# Coverall riding arena vs. Father refusing! Dare to read?



## whispering willow (Nov 9, 2011)

Hey yall! We have a Farley good sized coverall, that I'd loooooove to ride in in the winter!! But my father only got it for him! and him only! Whenever I discuss it with him and he always laughs and says no. He has taken the entire barn into his shop, when in the first place it was my barn for my horses! But now the horses are only in the small back of the barn! He has used it for fixing cars and to put all his tools in!

In the coverall we only have a couple round barrels, his tractor, tractor pulling stuff and bored s and not a whole lot more stuff? I am trying to convince him to turn only have of it into and arena! But he always finds reasons to back you down!

Quickly! Name a bunch of reasons why I should have my half of the coverall! For the horses sake please!  this is something I really want!!!

Thank you so very very much!

Whispering Willow


----------



## DuffyDuck (Sep 27, 2011)

Pull out the puppy eyes


----------



## whispering willow (Nov 9, 2011)

lol i know girrrl lol but apparently that doesn't work on him, lol i needs ideas


----------



## DuffyDuck (Sep 27, 2011)

Just say if you have to ride out what happens if the horse slips on ice and you get trapped under it..
or there have been reports of a flasher in the woods and you don't feel safe to ride out 
Or or or cry that you're so cold, riding out, and you love him, you'll do all your chores, and help him loads if he'll give you half for winter lol!


----------



## whispering willow (Nov 9, 2011)

**** duffy duck, that doesn't sound half too bad! XD rofl maybe i'll use some of that! oh and one more thing, he has a heart of stone so, the crying thing won't work.


----------



## whispering willow (Nov 9, 2011)

do you think i could use umm....well horses need excirsise once a day or something? because i think he'll try and make this about the horse?


----------



## MHFoundation Quarters (Feb 23, 2011)

Good luck with that but I'm guessing he paid for the coverall so really it's his choice what it's used for. 

If my hubby wanted to make my indoor into his workshop, that would be great and fine...IF he had paid for it, but alas, he did not, so it's allllll mine


----------



## mls (Nov 28, 2006)

Sorry.
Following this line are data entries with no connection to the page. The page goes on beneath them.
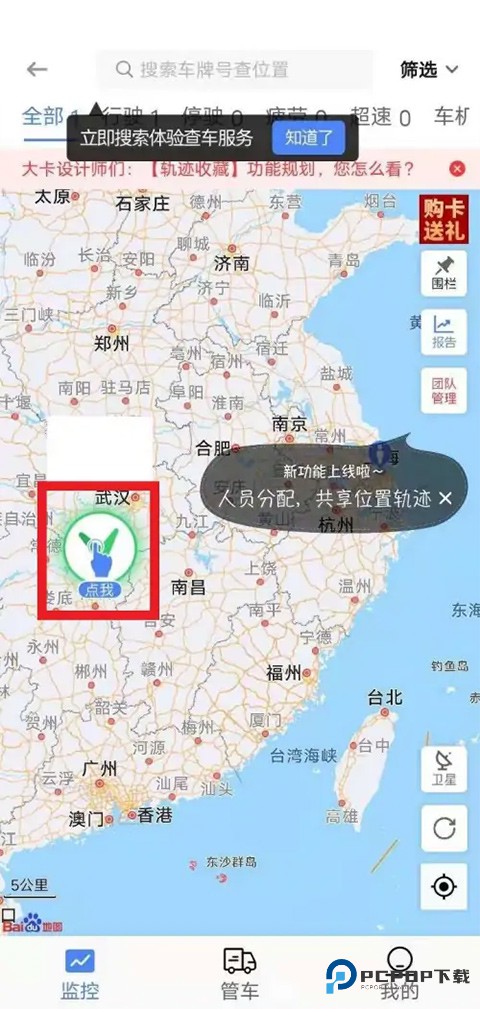 3、多车管理:支持同时绑定多台车辆,通过地图图标直观展示各车辆运行状态,点击图标即可查看车辆详细位置及各项运行数据,管理更高效。
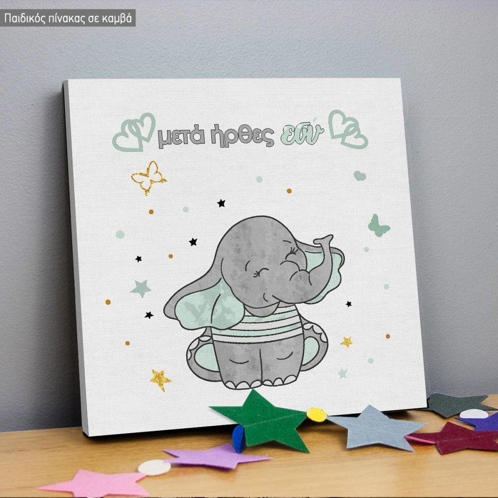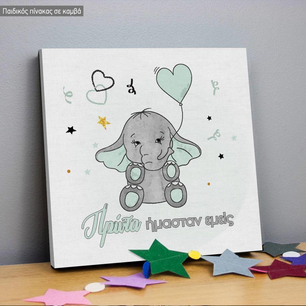 Πίνακας παιδικός σε καμβά Πρώτα ήμασταν εμείς, με όνομα, πράσινο, τετράπτυχο
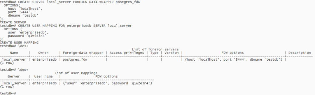 用户映射定义了外部服务器的连接和身份验证信息,您必须在克隆发生的本地服务器的数据库中创建此外部服务器和用户映射。
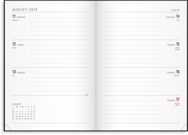 Kommer även i ett mindre A6 format. Omslaget Vega i svart skinnimitation ger en klassisk look till en traditionell kalender.
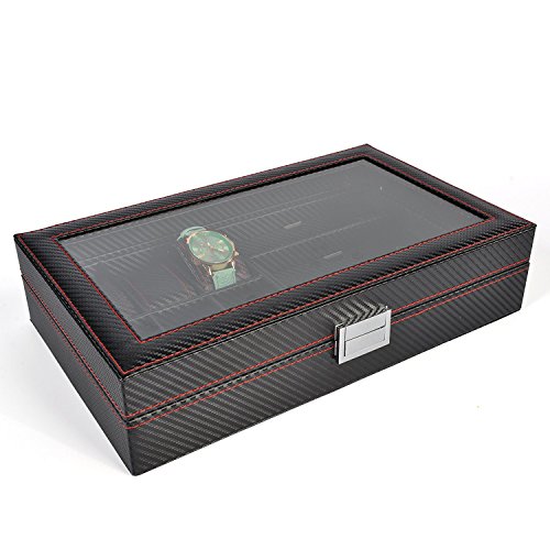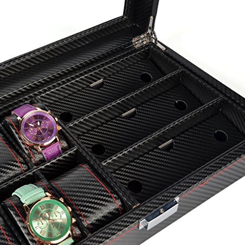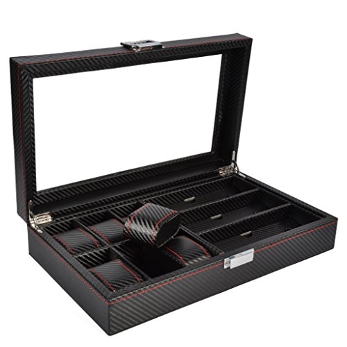 Refresh Your Life Watch and Glass Box - 6 +3 Slots Luxury Carbon Fiber Display Case-Black

If he paid for it, it's his.

If you want to use it, barter some chore/shop time and help him out.


----------



## whispering willow (Nov 9, 2011)

Gee thanks for the help guys?


----------



## Elessar (Dec 28, 2011)

Who paid/pays for the space?


----------



## AQHA13 (Apr 19, 2017)

Unfortunately if he paid for it ha can do what he wants.
_Posted via Mobile Device_


----------



## Saddlebag (Jan 17, 2011)

Ask him how old you have to be to get in the bar? Lol. Where would he rather you spend time, in the bar or the barn?


----------



## whispering willow (Nov 9, 2011)

lol i'm only fifteen?


----------



## DuffyDuck (Sep 27, 2011)

Guys, to be fair I don't think the OP is throwing her teddy in the corner, I believe the post was written in light humour, not bratty teenage style 

Just keep asking, he wouldn't want you to get eaten by the bear when you go trail riding that has all of a sudden appeared...!


----------



## Saddlebag (Jan 17, 2011)

The point is you're thinking about it and that's where 18 yr old boys go and daddy's can't deal with that. I've had men (husbands) complain about wifey having a horse and when I asked them the same question they decided the barn wasn't so bad after all.


----------



## DuffyDuck (Sep 27, 2011)

Saddlebag said:


> The point is you're thinking about it and that's where 18 yr old boys go and daddy's can't deal with that. I've had men (husbands) complain about wifey having a horse and when I asked them the same question they decided the barn wasn't so bad after all.



o.0

No joke, or sarcastic comment here.. did I miss something.. where did a bar come in to it :lol:


----------



## whispering willow (Nov 9, 2011)

Thank you Duffy Duck! XP


----------



## DuffyDuck (Sep 27, 2011)

Thats alright.. I think people misunderstood the jokey intention of the post and took it as whiny kid bothering dad, maybe? Hope it works out!


----------



## whispering willow (Nov 9, 2011)

lol thanks again!  hahaha


----------



## Valentina (Jul 27, 2009)

Write up a contract that says something like 

T=You will initiall re-organize contents of the arena to his approval, which will provide you with 1/2 the space for your horses while also providing eb=nough room/organization for him to access the stuff he has store there.
Also - you will "groom" (flatten out the bumps) the arena minimally once per week.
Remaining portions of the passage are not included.